Since the gas vesicles showed up strongly in ultrasound imaging, the researchers found a way to engineer cells to form these tiny structures when a specific genetic program was active -- enabling the process to be highlighted under ultrasound scans.
To achieve this, the researchers transplanted a genetic program of nine genes from a bacteria into mammalian cells -- cells derived from human kidneys (HEK cells), which the researchers said had never been done before.
The study noted that this was a complex process since bacteria and mammals read their respective genetic codes differently.

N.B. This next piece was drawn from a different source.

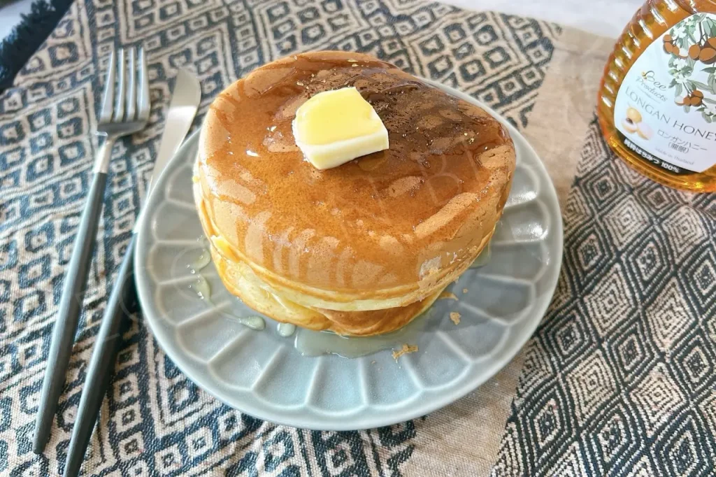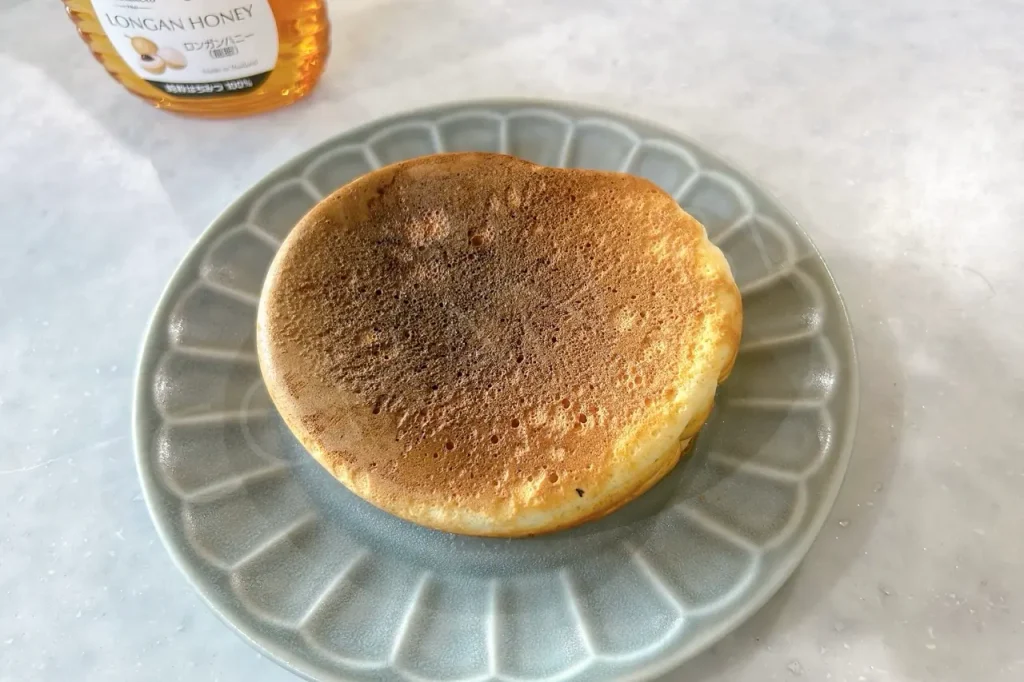 なんと厚さ4cm!すごくないですか?中までしっかり火が通ってこんな厚みのホットケーキを家で作れるなんて感動〜!これには子どももびっくりで、「また作ってー!」と大絶賛でした。

So even if the reporter gene was attached successfully to the bacterial DNA and inserted into the cells, the researchers said that they were not sure if the human kidney cells would process the DNA as expected.
"The translation machinery is very different in the two kinds of cells," said co-author of the study Arash Farhadi from the Heritage Medical Research Institute in the US.
Farhadi said that the process by which bacterial cells processed DNA and made the intermediary RNA molecules involved in protein making was different from how the mammalian cells did it.
"One of the biggest differences is that in bacteria it is common to have multiple genes arranged in the DNA such that they are transcribed into one shared piece of RNA, which is then translated into all the corresponding proteins, whereas in eukaryotes, every gene is usually on its own," Farhadi explained.
The researchers found a solution from yet another source of DNA -- viruses.
"Viruses also need to trick mammalian cells into expressing a bunch of proteins," said Mikhail Shapiro, co-author of the paper from Caltech.
The research team used DNA from viruses to trick the cell into producing multiple genes from a shared piece of RNA.
Using this approach, Shapiro and his team combined eight genes together on a single piece of RNA.
However, even with this done, the cells were making the expected proteins, but not in the right ratios for them to assemble into the gas vesicles.
"A building might be made of wood, glass, and bricks, but if workers show up with mostly windows and only a few bricks, they will not be able to construct a building," Shapiro explained.
The researchers said that it took several years of systematic experimentation to make the mammalian cells produce the right ratio of the gas vesicle proteins.
Now they hope to use the method to study gene expression in tumours, immune cells, neurons, and other cell types in living organisms.
"There has been more than 20 years of work improving fluorescent proteins, and we probably have 20 years of work to improve what we've developed, but this is a key proof of concept," Shapiro said.